Reply
Highlighted
Explorer
Posts: 6
Registered: ‎02-03-2019

Sqoop directly to Hive advantages?

Hi,

 

Is there is any advantage in importing data from DB2 to hive directly using Sqoop compared to importing to HDFS first and then loading to Hive table? Which is recommeded or preferred approach?

 

Thanks

Posts: 1,903
Kudos: 435
Solutions: 305
Registered: ‎07-31-2013

Re: Sqoop directly to Hive advantages?

Sqoop's import to Hive is an extension of its import to HDFS (i.e. the Hive part is done after its regular HDFS import work), so if your formats are already acceptable and do not need further transformation you can do it as part of the Sqoop step directly.

Sqoop also supports (via its HCatalog options) inserting into partitioned tables via dynamic partitioning if you'll require that.
Explorer
Posts: 6
Registered: ‎02-03-2019

Re: Sqoop directly to Hive advantages?

[ Edited ]

Thanks for the response.

I want to store them as parquet format. Sqoop supports parquet but hive does not recognize those parquet files. So in both options, I have to sqoop them in text format and then move to another hive table in parquet format.

 

option 1 - sqoop to hdfs in text format (hdfs location is hive external table).

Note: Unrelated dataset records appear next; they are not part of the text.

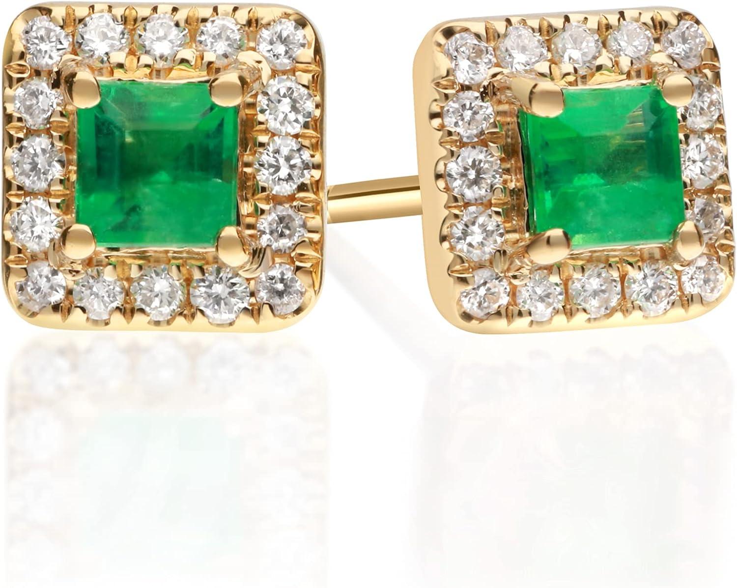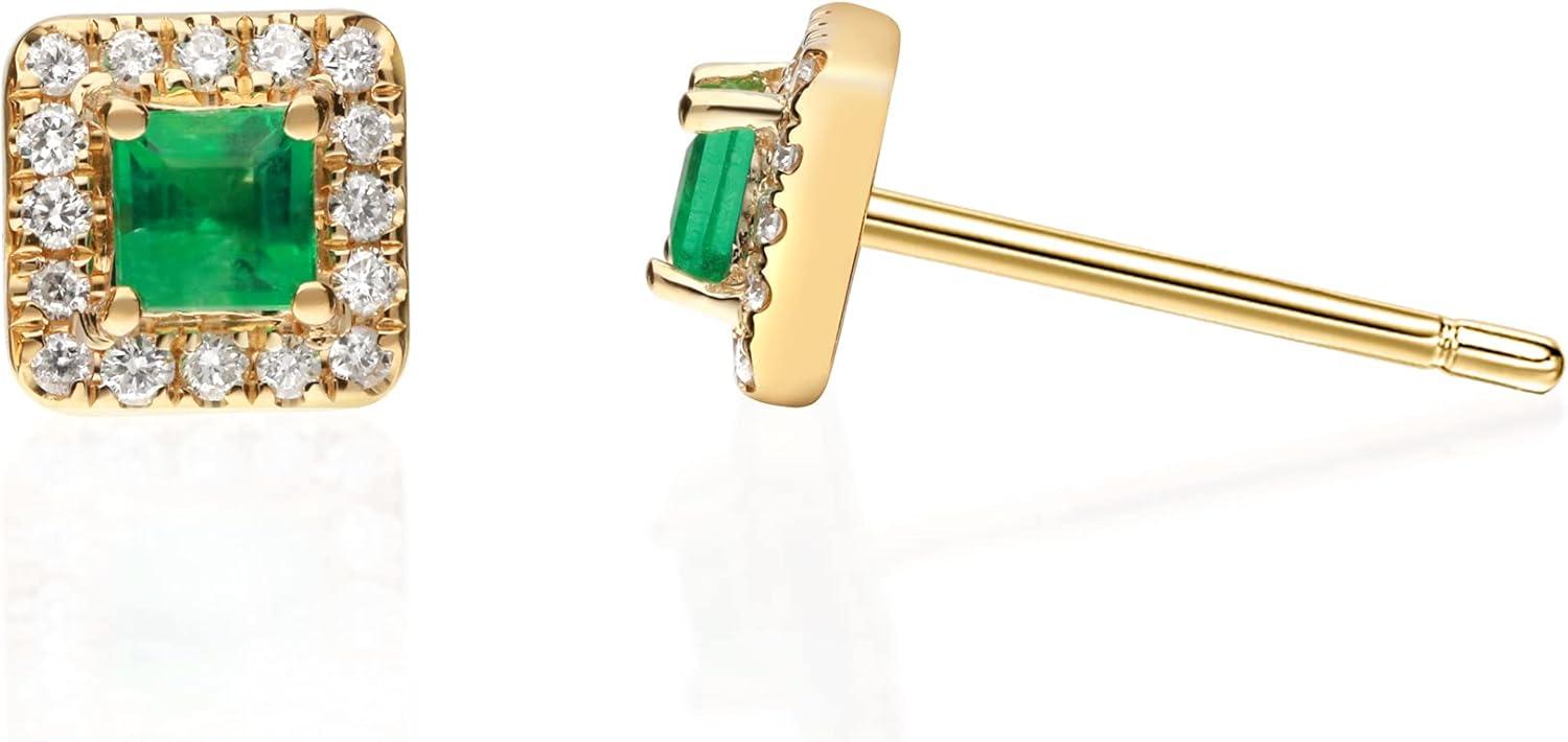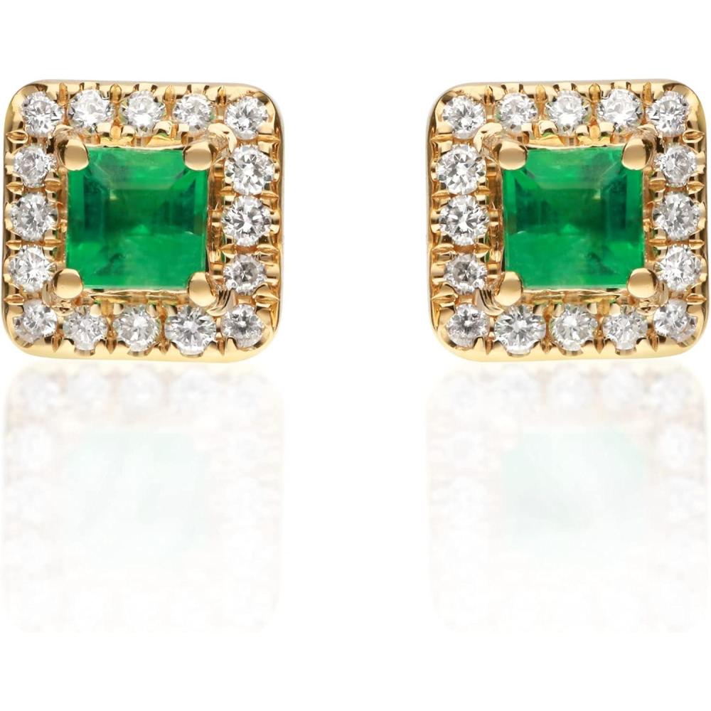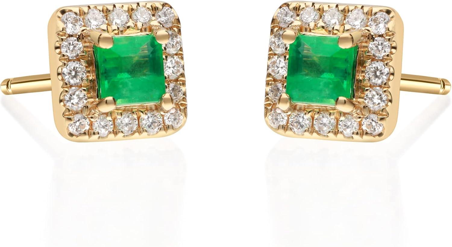 Decorate yourself in elegance with this Earring is crafted from 10-karat Yellow Gold by Gin & Grace. This Earring is made up of 3.0 mm Square-Cut Zambian Emerald (2 pcs) 0.33 carat and Round-cut Diamond (32 pcs) 0.12 Carat. This Earring is weight 1.09 grams. This delicate Earring is polished to a high finish shine.
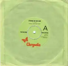 ![]() Original "Strong In The Sun" 45 (UK issue). A second UK press with a different green label exists: the letter "A" is not present on the A-side. | ||||
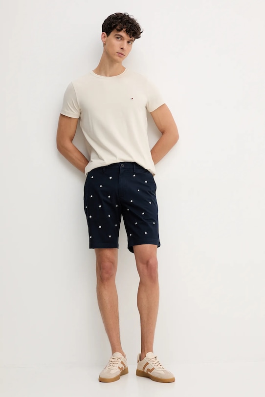Шорты из коллекции Tommy Hilfiger из тонкой эластичной ткани. Модель выполнена из исключительно комфортного, дышащего материала с высоким содержанием хлопка. Модель частично изготовлена из хлопка, полученного в результате регенеративного земледелия, что позволяет фермерам синхронизироваться с природными ритмами. Такой подход к земледелию обеспечивает более длительный отдых и восстановление растений, что приводит к лучшему питанию сельскохозяйственных животных и оздоровлению почвы. - Простой дизайн, не стесняющий движений. - Модель со стандартной талией, застежкой на молнию и пуговицы. - Прямая нога полной длины. - Два боковых накладных кармана. - Два кармана на пуговицах на ягодицах. - Модель с декоративной вышивкой. - Ширина талии: 41 см. - Ширина бедер: 53 см. - Высота талии: 26 см. - Ширина штанины внизу: 26 см. - Ширина штанины: 31 см. - Длина внешней части штанины: 46 см. - Размеры указаны для размера: 31.
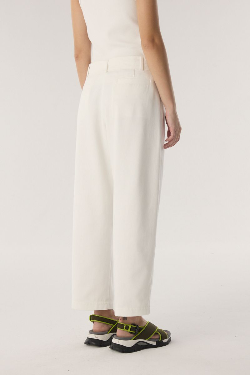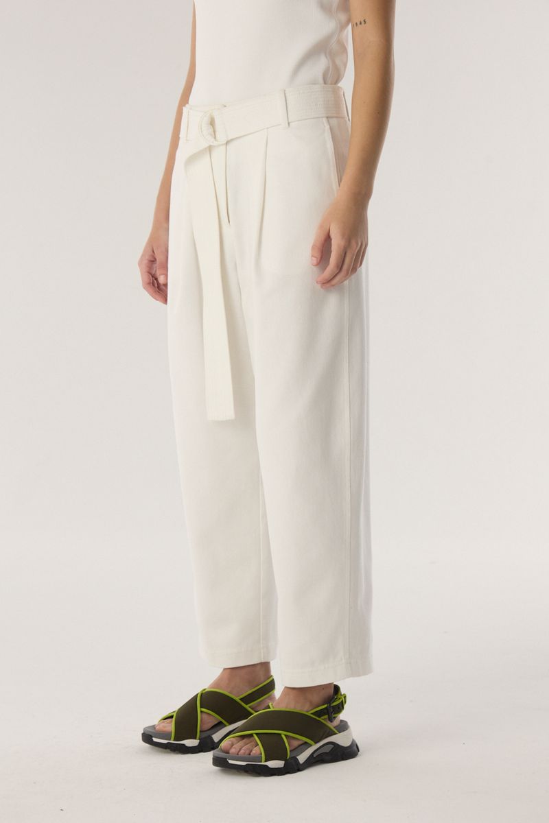 Pantalón sastrero con calce ancho y pinzas en el delantero. Lleva bolsillos laterales y detalle de cintura con tira para ajustar. Con bolsillos ojales en espalda y largo hasta los tobillos. Para un total look combinalo con la Chaqueta Twill Estructura. / Altura modelo: 1.74 m / Talle: S / Composición: 100% algodón - Forreria: 65% poliester, 35% algodón / Origen:Importado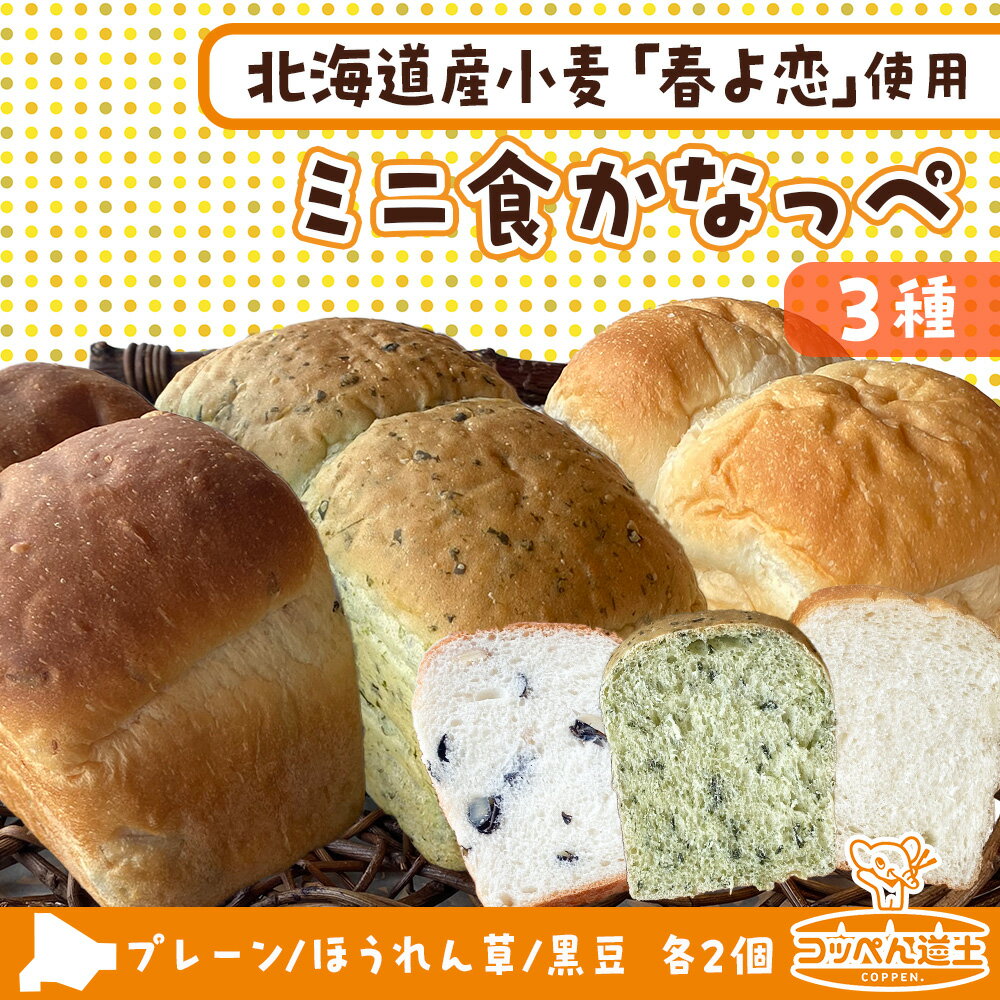 【ふるさと納税】ミニ食かなっぺ3種セット【プレーン2個/ほうれん草2個/黒豆2個 計6個】北海道産 小麦 春よ恋 食パン パン トースト カナッペ 手作り 自家製 焼きたて 酵母 ベーカリー 朝食 手軽 冷凍 お取り寄せ 人気 自家用 ギフト 送料無料 木古内 木古内町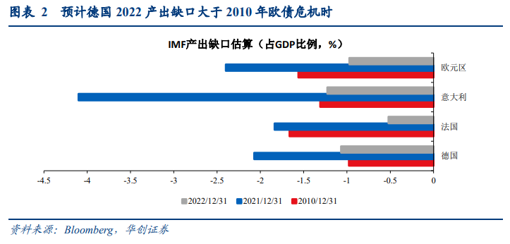 首先从整体情况来看,根据IMF产出缺口估算数据,虽然预计2022年欧元区整体情况好于2010年欧债危机时,但最大增长引擎德国情况可能更差,2022年产出缺口约为-1.1%,比2010年-1%的状况略差;尾部国家意大利的产出缺口与2010年相近,可能指向欧元区前景依然面临较大风险。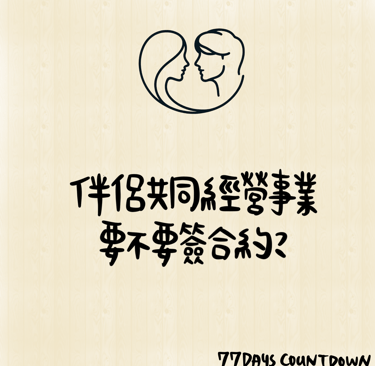 我個人認為如果伴侶間確定要共同經營事業,訂定合約或者共同構築明確的合作模式其實是對於自己以及對方權益的保護,所以簽訂紙本契約當然是最妥善完整的方式,但如果伴侶間覺得這樣操作傷感情或太生硬疏離,也可以考慮在雙方對於合作模式達成共識之後,在通訊軟體類的APP上以「共同」的對話紀錄、MEMO記事功能來記錄雙方討論出的結果並予以保存,既能夠避免紙本契約的公事化感,也可以達成紀錄雙方合意的合作方式的效果。

Then insert into hive table with parition and paquet format

 

option 2 - sqoop to hive internal table in text format, iinsert into hive table with parition and paquet format

 

Based on your response, hive part is done after import to hdfs, I think I can avoid that extra work (time) with option 1. Agree?

 

Posts: 1,903
Kudos: 435
Solutions: 305
Registered: ‎07-31-2013

Re: Sqoop directly to Hive advantages?

Could you elaborate on 'does not recognize it'? If its just an options
problem but the files appear OK if you try loading them manually into Hive,
then you can import to HDFS as Parquet and run a simple LOAD DATA INPATH
statement to move them to your Hive table as-is.

If there's a deeper inconsistency that requires transformation from text to
get it right, then both options seem fine.